The best part of the Cherokee is that is has much better on-road manners than that of a true Wrangler, especially if a soft top is involved. On a pure comfort side, we would put the limited version we drove up against any of the competition, which is great for families and even empty nesters like ourselves where comfort is a major concern. However being able to tackle most of the trails in Moab did have its own appeal to us, even if we never went off road to the extreme, just knowing our SUV had the ability would play a part in our decision making.

It was equipped with leather seating surfaces, which were both heated and cooled, along with a heated steering wheel, which we were able to take advantage of on some of the cool mornings. The new Uconnect 8.4-inch high definition touch screen that FCA is putting in its vehicles now is amazing and functions so well with pinch and zoom, it is just like having an iPad in the dashboard, with high definition using the backup camera displays crystal clear detail.

With the addition of a 7-inch LED screen between the speedometer and tachometer that is fully configurable, FCA has really hit a home run allowing any driver to give his own experience a very personal touch. Everything can also be run from the steering wheel controls or through voice functions.

Outside the Cherokee is still all Jeep with the same grill features holding true to the original Jeep look however with new LED headlamps and a sleek modern design, it exudes a luxurious element giving it a warmer feel with softer lines all around.
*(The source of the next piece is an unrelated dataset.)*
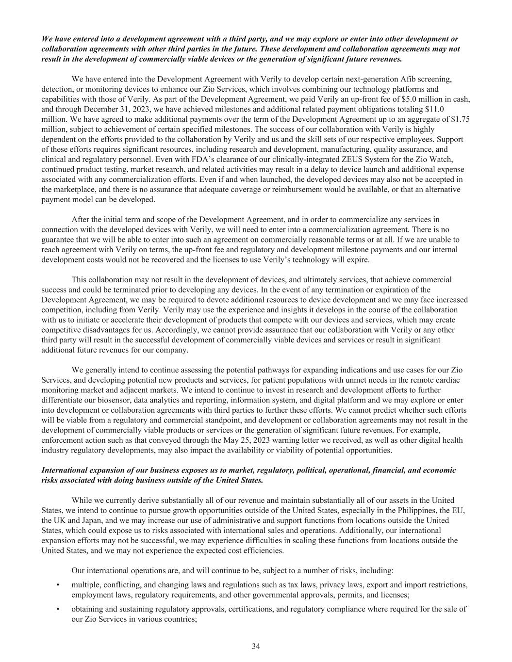 We have entered into a development agreement with a third party, and we may explore or enter into other development or collaboration agreements with other third parties in the future. These development and collaboration agreements may not result in the development of commercially viable devices or the generation of significant future revenues. We have entered into the Development Agreement with Verily to develop certain next-generation Afib screening, detection, or monitoring devices to enhance our Zio Services, which involves combining our technology platforms and capabilities with those of Verily. As part of the Development Agreement, we paid Verily an up-front fee of $5.0 million in cash, and through December 31, 2023, we have achieved milestones and additional related payment obligations totaling $11.0 million. We have agreed to make additional payments over the term of the Development Agreement up to an aggregate of $1.75 million, subject to achievement of certain specified milestones. The success of our collaboration with Verily is highly dependent on the efforts provided to the collaboration by Verily and us and the skill sets of our respective employees. Support of these efforts requires significant resources, including research and development, manufacturing, quality assurance, and clinical and regulatory personnel. Even with FDA’s clearance of our clinically-integrated ZEUS System for the Zio Watch, continued product testing, market research, and related activities may result in a delay to device launch and additional expense associated with any commercialization efforts. Even if and when launched, the developed devices may also not be accepted in the marketplace, and there is no assurance that adequate coverage or reimbursement would be available, or that an alternative payment model can be developed. After the initial term and scope of the Development Agreement, and in order to commercialize any services in connection with the developed devices with Verily, we will need to enter into a commercialization agreement. There is no guarantee that we will be able to enter into such an agreement on commercially reasonable terms or at all. If we are unable to reach agreement with Verily on terms, the up-front fee and regulatory and development milestone payments and our internal development costs would not be recovered and the licenses to use Verily’s technology will expire. This collaboration may not result in the development of devices, and ultimately services, that achieve commercial success and could be terminated prior to developing any devices. In the event of any termination or expiration of the Development Agreement, we may be required to devote additional resources to device development and we may face increased competition, including from Verily. Verily may use the experience and insights it develops in the course of the collaboration with us to initiate or accelerate their development of products that compete with our devices and services, which may create competitive disadvantages for us. Accordingly, we cannot provide assurance that our collaboration with Verily or any other third party will result in the successful development of commercially viable devices and services or result in significant additional future revenues for our company. We generally intend to continue assessing the potential pathways for expanding indications and use cases for our Zio Services, and developing potential new products and services, for patient populations with unmet needs in the remote cardiac monitoring market and adjacent markets. We intend to continue to invest in research and development efforts to further differentiate our biosensor, data analytics and reporting, information system, and digital platform and we may explore or enter into development or collaboration agreements with third parties to further these efforts. We cannot predict whether such efforts will be viable from a regulatory and commercial standpoint, and development or collaboration agreements may not result in the development of commercially viable products or services or the generation of significant future revenues. For example, enforcement action such as that conveyed through the May 25, 2023 warning letter we received, as well as other digital health industry regulatory developments, may also impact the availability or viability of potential opportunities. International expansion of our business exposes us to market, regulatory, political, operational, financial, and economic risks associated with doing business outside of the United States. While we currently derive substantially all of our revenue and maintain substantially all of our assets in the United States, we intend to continue to pursue growth opportunities outside of the United States, especially in the Philippines, the EU, the UK and Japan, and we may increase our use of administrative and support functions from locations outside the United States, which could expose us to risks associated with international sales and operations. Additionally, our international expansion efforts may not be successful, we may experience difficulties in scaling these functions from locations outside the United States, and we may not experience the expected cost efficiencies. Our international operations are, and will continue to be, subject to a number of risks, including: • multiple, conflicting, and changing laws and regulations such as tax laws, privacy laws, export and import restrictions, employment laws, regulatory requirements, and other governmental approvals, permits, and licenses; • obtaining and sustaining regulatory approvals, certifications, and regulatory compliance where required for the sale of our Zio Services in various countries; 34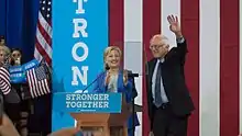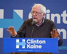 Elizabeth Warren var åbensindet overfor Sanders' præsidentkampagne. "Jeg er glad for at se ham komme derud og præsentere hans version af, hvad [han mener], lederskab i dette land skal være" sagde hun under et møde med college-studerende i Massachusetts i maj 2015.[lower-alpha 16][126][127] Mange havde regnet med, at Warren officielt ville støtte Sanders til præsidentposten, men i stedet valgte hun at støtte Sanders' modkandidat, den tidligere udenrigsminister og vinder af Demokraternes kandidatnominering til præsidentvalget, Hillary Clinton.[128][129][130]

Apple CarPlay and Android Auto are now standard equipment in fact upon hooking up our phones part of the process included speaking with Siri to make sure she would work through the Cherokee’s speaker system.

The newly refreshed Cherokee is great to look at and even better to be behind the wheel. It would make a great addition to any family not matter what their age, in fact our son Landon and his wife have a 2016 Cherokee for an everyday driver. It works great and our 5-year-old grandson Jensen climbs in and out with ease and loves making the tailgate go up and down with the push button.

Base price: $34,445

Price as driven: $41,620

Craig and Deanne Conover have been test-driving vehicles for over eight years and have had the opportunity to drive many makes and models. They receive a new car each week for a weeklong test drive and adventure. They both love having the unique opportunity of trying out new cars. They reside in Springville, Utah.